Estimating the Performance of Computing Clusters without Accelerators Based on TOP500 Results

Rybintsev, Vladimir O.

doi:10.3390/math10193580

Open AccessArticle

Estimating the Performance of Computing Clusters without Accelerators Based on TOP500 Results

by

Vladimir O. Rybintsev

Moscow Power Engineering Institute, National Research University, 111250 Moscow, Russia

Mathematics 2022, 10(19), 3580; https://doi.org/10.3390/math10193580

Submission received: 7 September 2022 / Revised: 27 September 2022 / Accepted: 27 September 2022 / Published: 30 September 2022

(This article belongs to the Special Issue Applications of Symbolic and Soft Computations in Applied Sciences)

Download

Browse Figures

Versions Notes

Abstract

:

Based on an analysis of TOP500 results, a functional dependence of the performance of clusters without accelerators according to the Linpack benchmark on their parameters was determined. The comparison of calculated and tested results showed that the estimation error does not exceed 2% for processors of different generations and manufacturers (Intel, AMD, Fujitsu) with different technologies of a system interconnect. The achieved accuracy of the calculation allows successful prediction of the performance of a cluster when its parameters (node performance, number of nodes, number of network interfaces, network technology, remote direct memory access, or remote direct memory access over converged Ethernet mode) are changed without resorting to a complex procedure of real testing.

Keywords:

high-performance computing; Linpack benchmark; compute cluster; system interconnect throughput; cluster performance

MSC:

68M20

1. Introduction

Currently, several specialized benchmarks are used to test the performance of clusters, based on which lists of the most productive systems are created: the high-performance conjugate gradient (HPCG) benchmark [1,2], NAS parallel benchmark (NPB) [3], and Graph 500 [4]. However, the Linpack high-performance benchmark [5] remains the most popular, despite fair criticism, and is from which the TOP500 list is formed. Inclusion in this list is still very prestigious and characterizes the general level of development of high-performance computing in the country.

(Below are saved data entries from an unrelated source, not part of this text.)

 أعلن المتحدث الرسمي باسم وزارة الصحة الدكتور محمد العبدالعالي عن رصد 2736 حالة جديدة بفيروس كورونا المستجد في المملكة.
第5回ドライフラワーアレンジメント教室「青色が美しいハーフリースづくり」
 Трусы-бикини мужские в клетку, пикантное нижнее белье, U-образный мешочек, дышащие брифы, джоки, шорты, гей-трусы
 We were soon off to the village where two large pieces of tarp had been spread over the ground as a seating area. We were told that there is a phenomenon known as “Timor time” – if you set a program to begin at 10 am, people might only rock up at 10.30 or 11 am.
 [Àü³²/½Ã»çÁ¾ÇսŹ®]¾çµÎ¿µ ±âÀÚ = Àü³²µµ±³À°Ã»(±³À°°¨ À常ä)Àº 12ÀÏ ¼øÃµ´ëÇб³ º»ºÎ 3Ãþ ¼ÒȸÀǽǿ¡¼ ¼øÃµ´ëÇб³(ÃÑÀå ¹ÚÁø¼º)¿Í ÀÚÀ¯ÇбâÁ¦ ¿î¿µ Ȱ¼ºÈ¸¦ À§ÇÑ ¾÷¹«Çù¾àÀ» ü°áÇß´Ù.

Unfortunately, benchmarking a cluster is a complex and expensive procedure. The availability of special tools to automate this process [6] only slightly reduces the testing cost. Therefore, the problem of obtaining simple formulae that allow calculating the performance of a cluster with an acceptable error (up to 3%) and studying the dependence of this performance on its main parameters without resorting to a real testing procedure is very relevant.

An analysis of the TOP500 lists shows that they include both clusters with accelerators (Nvidia in most cases) and clusters without accelerators. It is important to note that the share of clusters with accelerators is gradually changing upwards. For example, in the November 2014 TOP500, it was about 13%, and in the June 2021 TOP500, it reached 35%. However, clusters without accelerators still dominate the TOP500. Note that the Fugaku supercomputer, which ranked first in the June 2021 TOP500, does not use accelerators. Therefore, this study is devoted to evaluate the performance of this kind of cluster.

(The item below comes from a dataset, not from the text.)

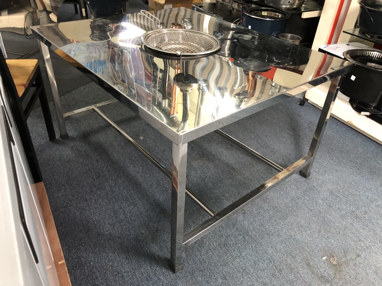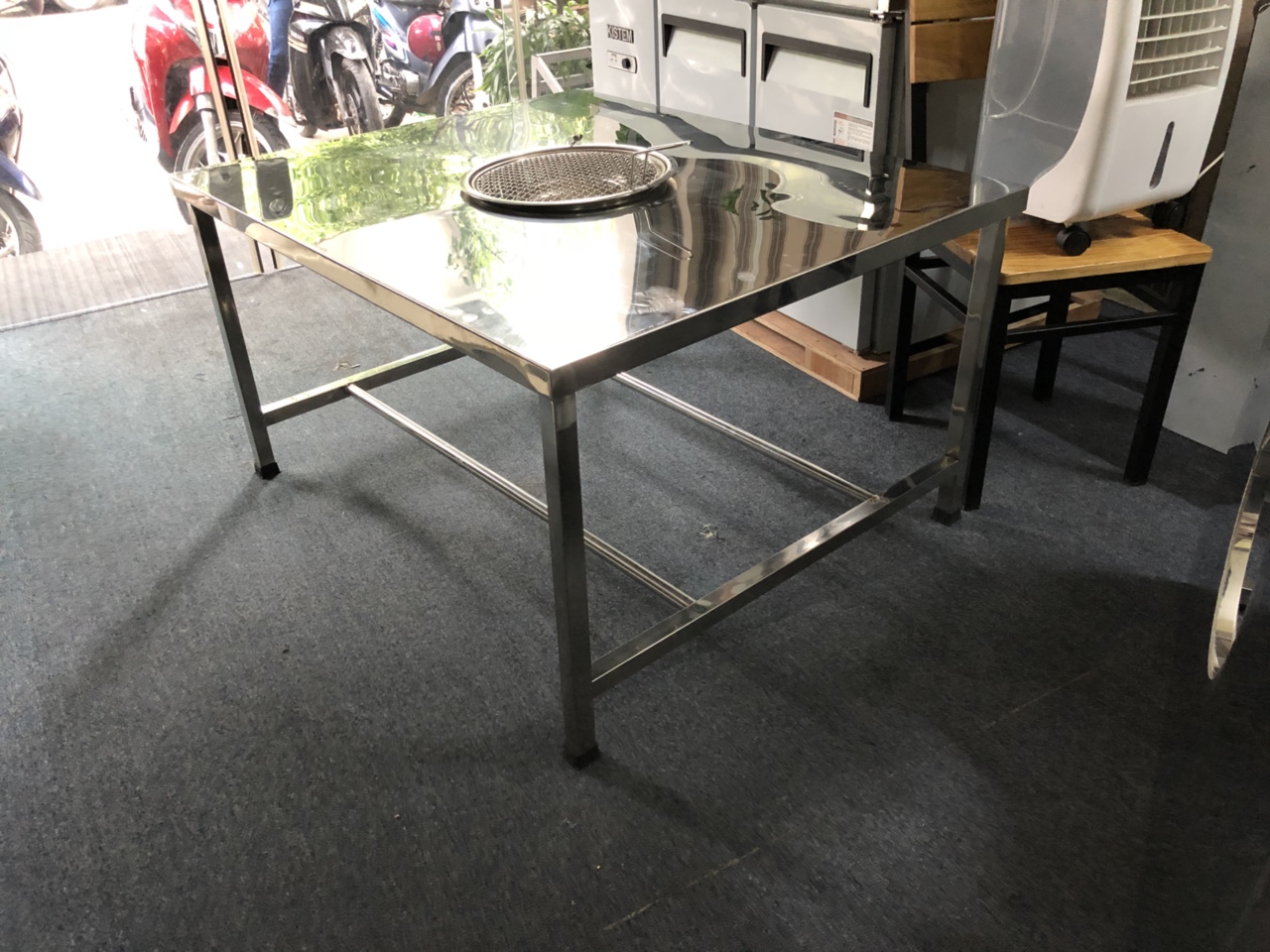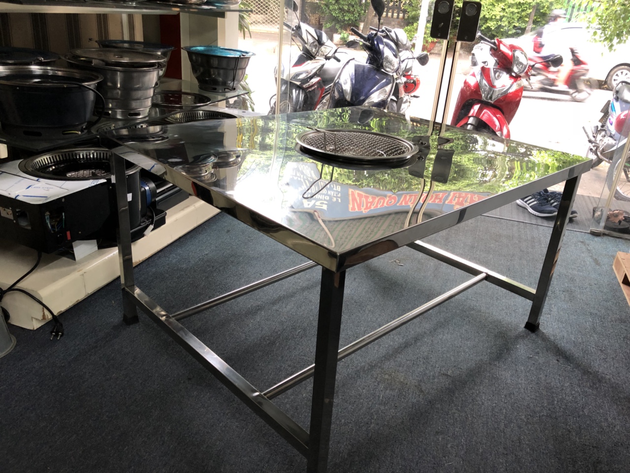 Bàn bếp nướng than inox cho nhà hàng, quán nướng, bàn nướng được kết nối với hệ thống ống hút khói tại bàn, hay ống hút khói âm, mẫu bàn nướng đẹp..

Figure 1 shows the measured performance R_max of clusters based on the Intel Xeon E5-2670 processor without accelerators compared to their peak performance R_peak with different system interconnect organization (November 2014 TOP500). The choice of this particular processor is explained by the large number of clusters based on it in the given list, which made it possible to show an explicit functional dependence of R_max on R_peak and the throughput of the system interconnect.

The aim of this study was to identify this dependence in order to obtain calculated ratios for the estimation of R_max from the cluster parameters. It is clear that R_max depends on a large number of parameters, among which the following can be distinguished:

processor performance
node performance
number of nodes
system connectivity (Ethernet, InfiniBand, Omni-Path, etc.)
network topology (Fat Tree [6], Dragonfly [7], Jellyfish [8], 6D Torus [9], etc.)
network interface bandwidth
encoding (8b/10b, 64b/66b)
number of network interface cards (NICs) in the node
number of network interfaces in the NICs
use of remote direct memory access (RDMA)/RDMA over converged Ethernet (RoCE) mode
PCI-E bus bandwidth
version of the operating system (Red Hat EL, Ubuntu, CentOS Linux, etc.)
MPI library version (Fujitsu Software Technical Computing Suite, OpenMPI, Intel MPI, etc.)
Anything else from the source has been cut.